例えば、指を切れば「指が痛い」と感じ、腰を痛めれば「腰が痛い」と思います。
しかし、神経科学の進歩は、この常識的な理解を根本から覆しつつあります。現代の痛み科学において、痛みは、単なる組織の損傷信号ではなく、脳が最終的に生み出す「複雑な出来事」 であると定義されています。
1. 痛みのゲートコントロール理論:脳が痛みを調節する
1965年にメルザックとウォールによって提唱された「ゲートコントロール理論」は、痛みが脊髄と脳で調節されることを初めて示した画期的な理論です。

この理論によれば、脊髄には痛みの信号の流れを調節する「ゲート(門)」があり、脳からの指令(ストレス、注意、過去の記憶など)や他の感覚入力(撫でる、摩擦するなど)によって、このゲートが開いたり閉じたりします。

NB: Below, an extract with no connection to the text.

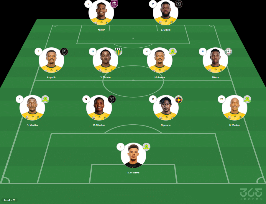 - Provável escalação da África do Sul: Williams; Mudau, Ngezana, Mbokazi e Modiba; Nkota, Mokoena, Sitholee e Apollis; Mbule e Foster
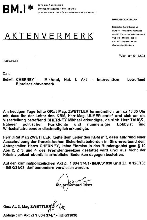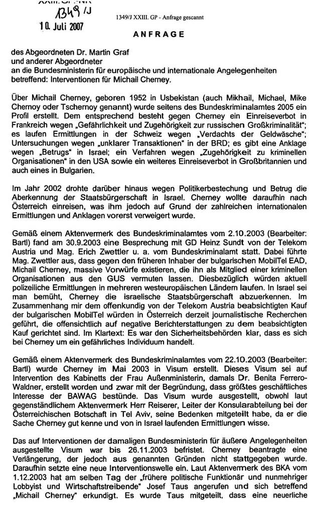 Der Zeitschrift „Profil" wurden jedoch Aktenvermerke des Bundeskriminalamtes zugespielt, die zum Teil auch im Profil Nr. 27 vom 2. Juli 2007, S. 44-48, faksimiliert veröffentlicht wurden. Im Zuge der Recherchen zu den Untersuchungsgegenständen 5 und 6 (gem. Antrag auf Einsetzung des Untersuchungsausschusses vom 30.0.2006 - Prüfauftrag) des Untersuchungsausschusses betreffend Finanzmarktaufsicht, BAWAG, Hypo-Alpe-Adria und weitere Finanzdienstleister wurden diese Aktenvermerke auch uns von anonymer Seite zugetragen und werden nunmehr neben der Anfrage 1349/J und Ihrer Anfragebeantwortung 1336/AB zu dieser gegenständlichen Anfrage in Kopie beigelegt.

つまり、たとえ身体から同じ強さの危険信号が送られてきても、脳が「今は安全だ」と判断すればゲートは閉じ、痛みは軽減されます。逆に、不安や恐怖を感じている時はゲートが開き、痛みを強く感じてしまうのです。これは、痛みが単なる感覚入力ではなく、脳の解釈と調節を経て初めて体験されるものであることを示す初期の重要な証拠でした。
2. 痛みの神経マトリックス理論:脳が「痛み」という体験を構築する
ゲートコントロール理論を発展させたのが、1990年代にメルザックによって提唱された「ニューロマトリックス(神経マトリックス)理論」です。この理論は、痛み体験がより能動的で複雑な脳のプロセスであることを説明します。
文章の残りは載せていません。